Generic Data Types
We use generics to create definitions for items like function signatures or structs, which we can then use with many different concrete data types. Let’s first look at how to define functions, structs, enums, and methods using generics. Then we’ll discuss how generics affect code performance.
In Function Definitions
When defining a function that uses generics, we place the generics in the signature of the function where we would usually specify the data types of the parameters and return value. Doing so makes our code more flexible and provides more functionality to callers of our function while preventing code duplication.

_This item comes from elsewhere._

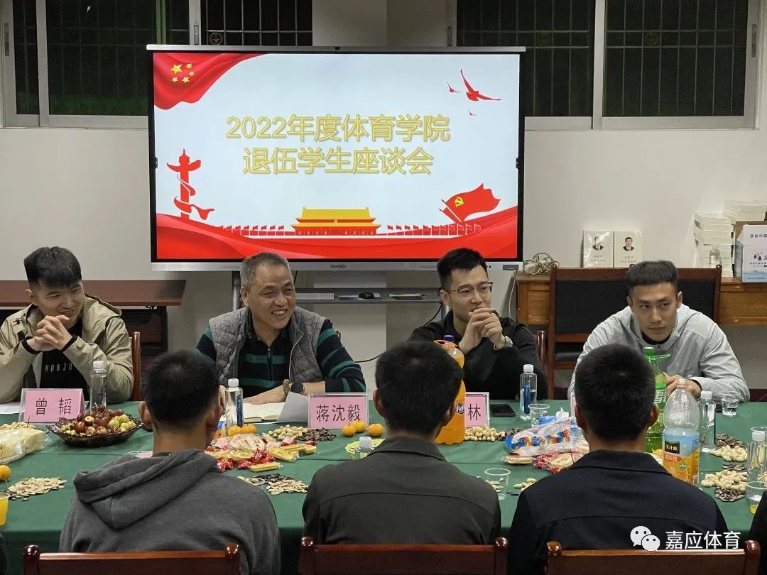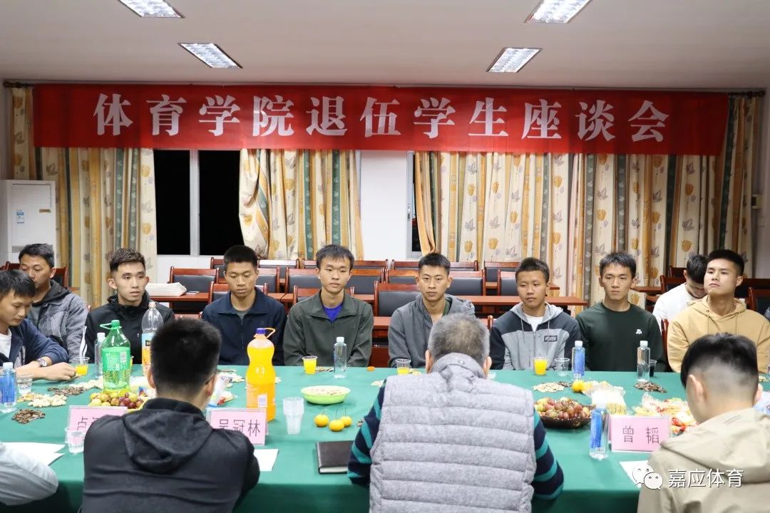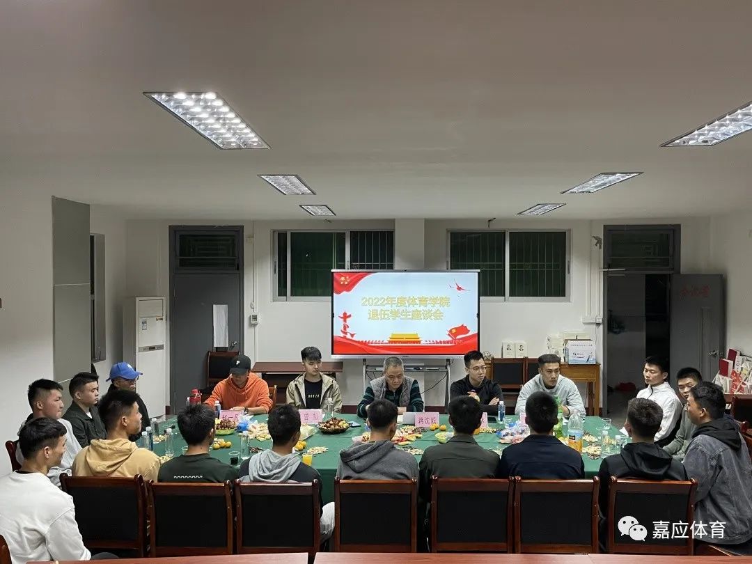 为进一步帮助退伍学生快速适应、融入大学生活,增强荣誉感和归属感。11月2日晚上,2022年度体育学院退伍学生座谈会在田师220会议室举行。体育学院党委书记蒋沈毅、学工办辅导员曾韬、吴冠林、赵一凡、卢泓名,2022年退伍学生以及学院退伍学生工作站成员参加座谈会。

Continuing with our largest
function, Listing 10-4 shows two functions that both find the largest value in a slice. We’ll then combine these into a single function that uses generics.
Filename: src/main.rs
fn largest_i32(list: &[i32]) -> &i32 {
let mut largest = &list[0];
for item in list {
if item > largest {
largest = item;
}
}
largest
}
fn largest_char(list: &[char]) -> &char {
let mut largest = &list[0];
for item in list {
if item > largest {
largest = item;
}
}
largest
}
fn main() {
let number_list = vec![34, 50, 25, 100, 65];
let result = largest_i32(&number_list);
println!("The largest number is {result}");
assert_eq!(*result, 100);
let char_list = vec!['y', 'm', 'a', 'q'];
let result = largest_char(&char_list);
println!("The largest char is {result}");
assert_eq!(*result, 'y');
}
Listing 10-4: Two functions that differ only in their names and in the types in their signatures
The largest_i32
function is the one we extracted in Listing 10-3 that finds the largest i32
in a slice. The largest_char
function finds the largest char
in a slice. The function bodies have the same code, so let’s eliminate the duplication by introducing a generic type parameter in a single function.

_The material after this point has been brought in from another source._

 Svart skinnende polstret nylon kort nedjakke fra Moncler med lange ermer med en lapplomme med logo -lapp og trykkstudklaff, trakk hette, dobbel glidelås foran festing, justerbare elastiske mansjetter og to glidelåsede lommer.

To parameterize the types in a new single function, we need to name the type parameter, just as we do for the value parameters to a function. You can use any identifier as a type parameter name. But we’ll use T
because, by convention, type parameter names in Rust are short, often just one letter, and Rust’s type-naming convention is UpperCamelCase. Short for type, T
is the default choice of most Rust programmers.

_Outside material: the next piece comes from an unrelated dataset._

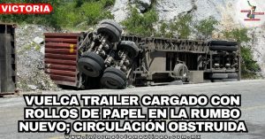 Ciudad Victoria, Tamaulipas. -Un tracto camión doble articulado que transportaba rollos de papel en contenedores, volcó esta mañana en el kilómetro 13 de la carretera Rumbo Nuevo, provocando la obstrucción a los carriles de circulación.

When we use a parameter in the body of the function, we have to declare the parameter name in the signature so the compiler knows what that name means. Similarly, when we use a type parameter name in a function signature, we have to declare the type parameter name before we use it. To define the generic largest
function, we place type name declarations inside angle brackets, <>
, between the name of the function and the parameter list, like this:
fn largest<T>(list: &[T]) -> &T {
We read this definition as: the function largest
is generic over some type T
. This function has one parameter named list
, which is a slice of values of type T
. The largest
function will return a reference to a value of the same type T
.
Listing 10-5 shows the combined largest
function definition using the generic data type in its signature. The listing also shows how we can call the function with either a slice of i32
values or char
values. Note that this code won’t compile yet, but we’ll fix it later in this chapter.
Filename: src/main.rs
fn largest<T>(list: &[T]) -> &T {
let mut largest = &list[0];
for item in list {
if item > largest {
largest = item;
}
}
largest
}
fn main() {
let number_list = vec![34, 50, 25, 100, 65];
let result = largest(&number_list);
println!("The largest number is {result}");
let char_list = vec!['y', 'm', 'a', 'q'];
let result = largest(&char_list);
println!("The largest char is {result}");
}
Listing 10-5: The largest
function using generic type parameters; this doesn’t compile yet
If we compile this code right now, we’ll get this error:
$ cargo run
Compiling chapter10 v0.1.0 (file:///projects/chapter10)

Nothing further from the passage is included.